**Extracted data**:
↓

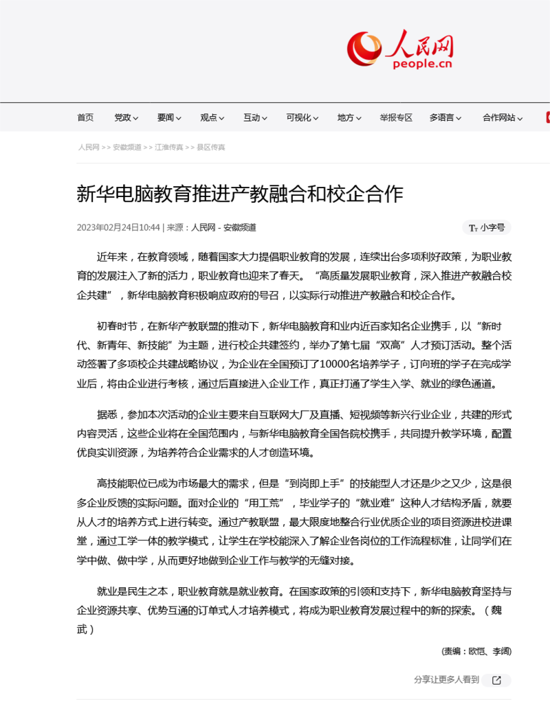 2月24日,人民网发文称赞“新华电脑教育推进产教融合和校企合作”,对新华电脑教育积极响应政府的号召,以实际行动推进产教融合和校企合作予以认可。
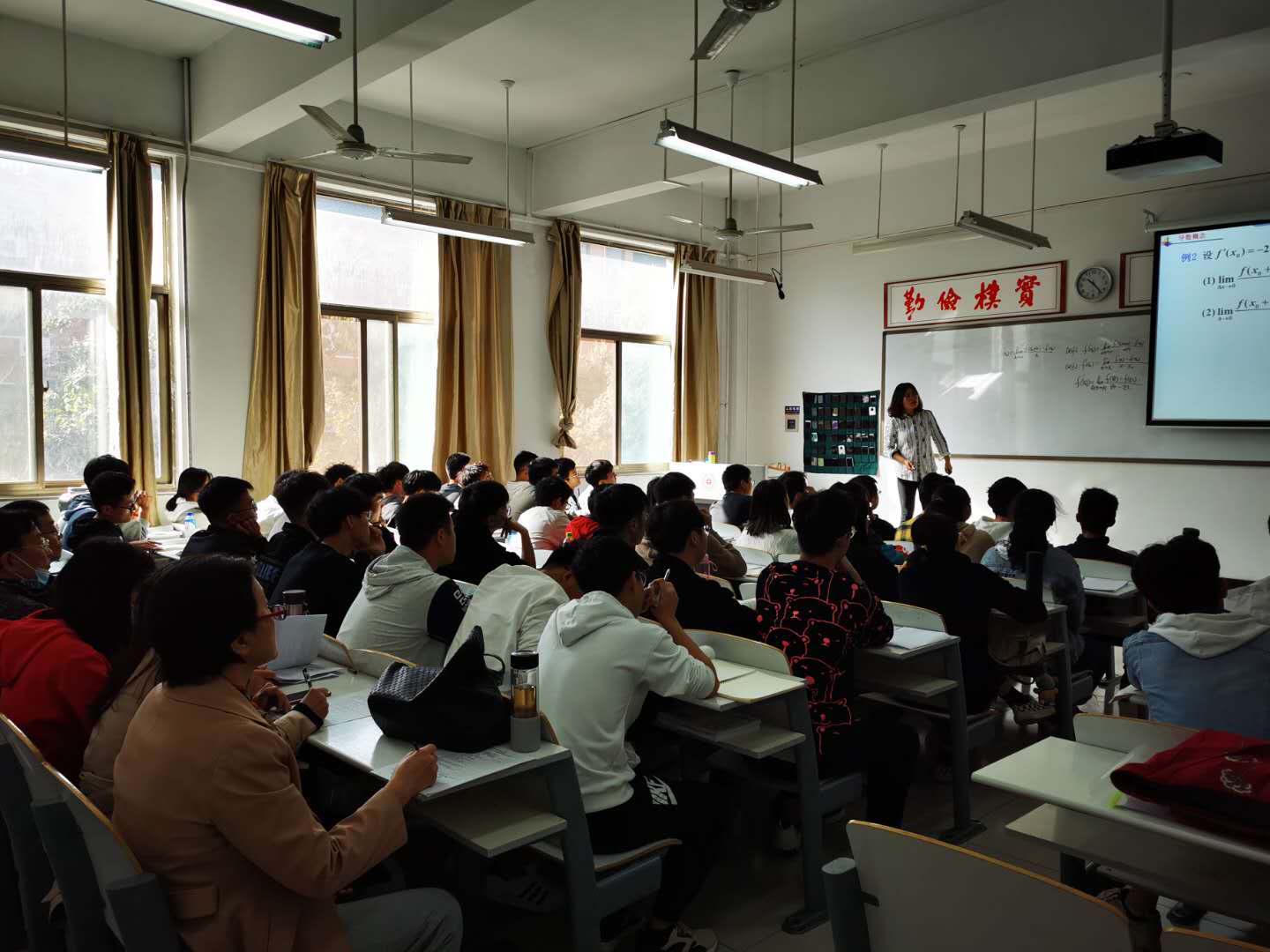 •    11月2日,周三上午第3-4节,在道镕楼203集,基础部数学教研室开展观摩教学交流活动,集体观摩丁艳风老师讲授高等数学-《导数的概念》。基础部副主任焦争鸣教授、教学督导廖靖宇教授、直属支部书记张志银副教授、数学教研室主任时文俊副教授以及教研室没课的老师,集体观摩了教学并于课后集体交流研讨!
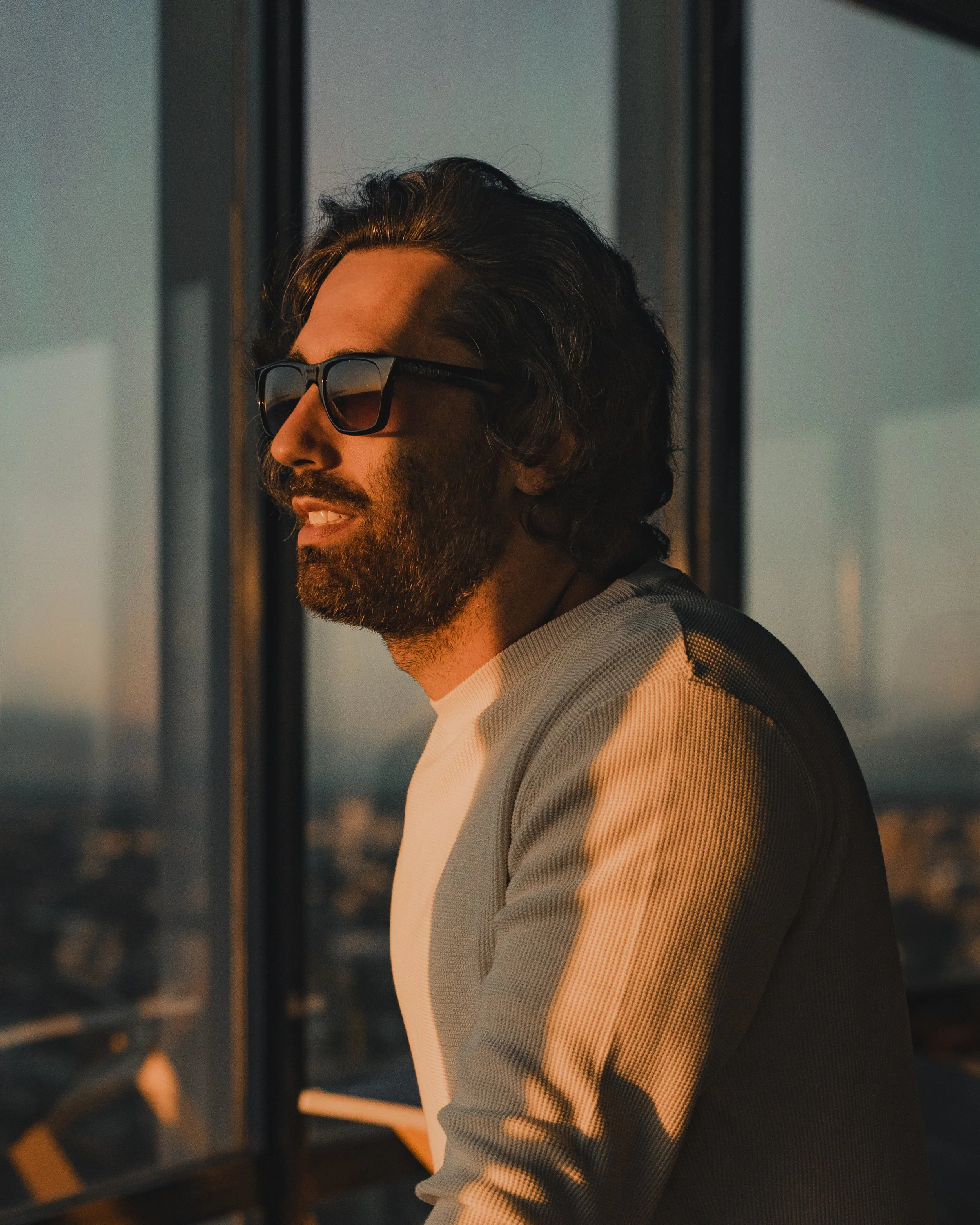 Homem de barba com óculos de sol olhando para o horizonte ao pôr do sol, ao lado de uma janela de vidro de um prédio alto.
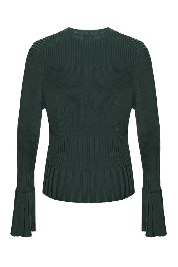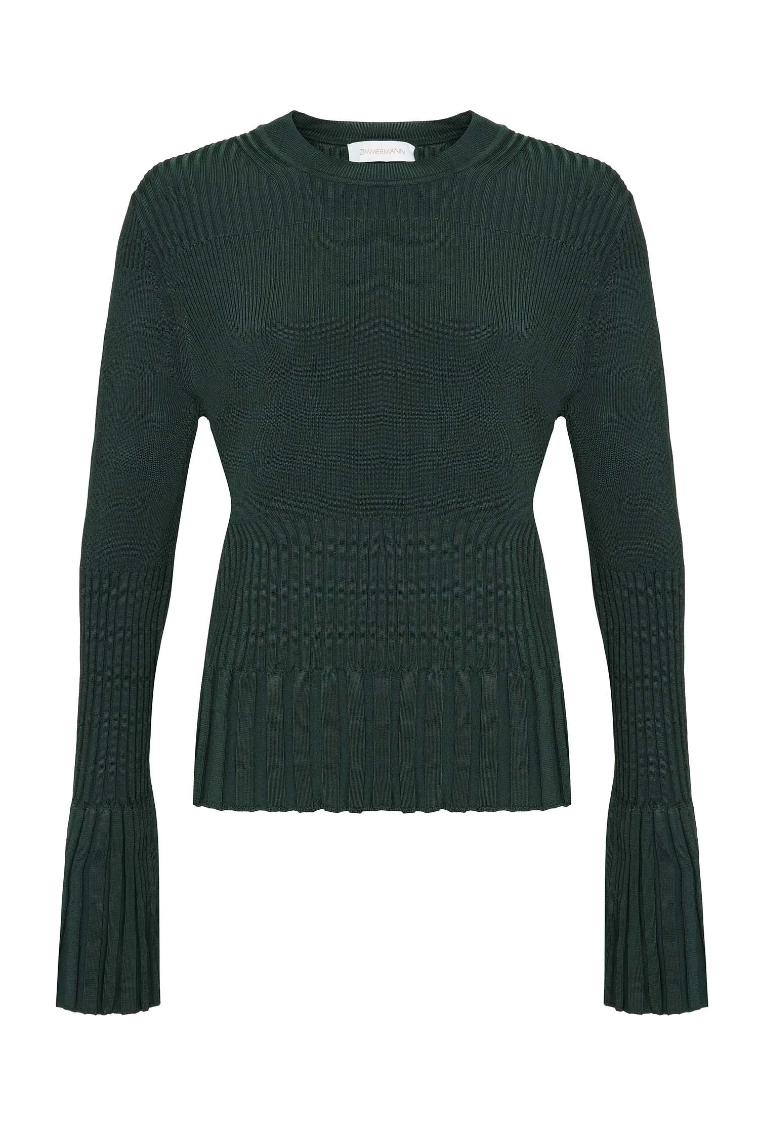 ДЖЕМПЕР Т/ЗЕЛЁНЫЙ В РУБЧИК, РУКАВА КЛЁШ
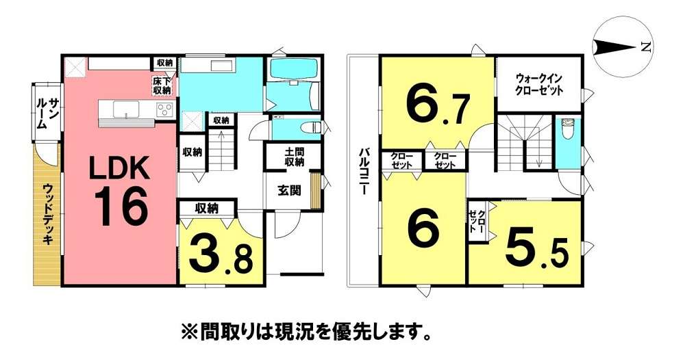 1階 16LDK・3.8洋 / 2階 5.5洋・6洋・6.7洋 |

↑
↓

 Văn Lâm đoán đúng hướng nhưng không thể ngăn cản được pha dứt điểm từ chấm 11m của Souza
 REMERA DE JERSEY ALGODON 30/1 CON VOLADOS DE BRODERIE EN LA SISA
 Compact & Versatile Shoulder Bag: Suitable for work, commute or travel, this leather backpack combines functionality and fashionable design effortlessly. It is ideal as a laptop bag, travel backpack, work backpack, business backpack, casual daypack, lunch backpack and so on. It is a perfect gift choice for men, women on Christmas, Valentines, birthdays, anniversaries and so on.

↑
↓

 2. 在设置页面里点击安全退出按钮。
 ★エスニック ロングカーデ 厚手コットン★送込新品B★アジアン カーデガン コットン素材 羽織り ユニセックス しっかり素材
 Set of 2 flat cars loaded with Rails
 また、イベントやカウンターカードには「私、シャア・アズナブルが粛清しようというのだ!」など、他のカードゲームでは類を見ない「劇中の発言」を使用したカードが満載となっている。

↑

**Assignment**:
Everything from the line with "REMERA DE JERSEY" through the line with "Compact & Versatile" in the listing above must be retyped exactly, with nothing added.

**Solution to this task**:
 REMERA DE JERSEY ALGODON 30/1 CON VOLADOS DE BRODERIE EN LA SISA
 Compact & Versatile Shoulder Bag: Suitable for work, commute or travel, this leather backpack combines functionality and fashionable design effortlessly. It is ideal as a laptop bag, travel backpack, work backpack, business backpack, casual daypack, lunch backpack and so on. It is a perfect gift choice for men, women on Christmas, Valentines, birthdays, anniversaries and so on.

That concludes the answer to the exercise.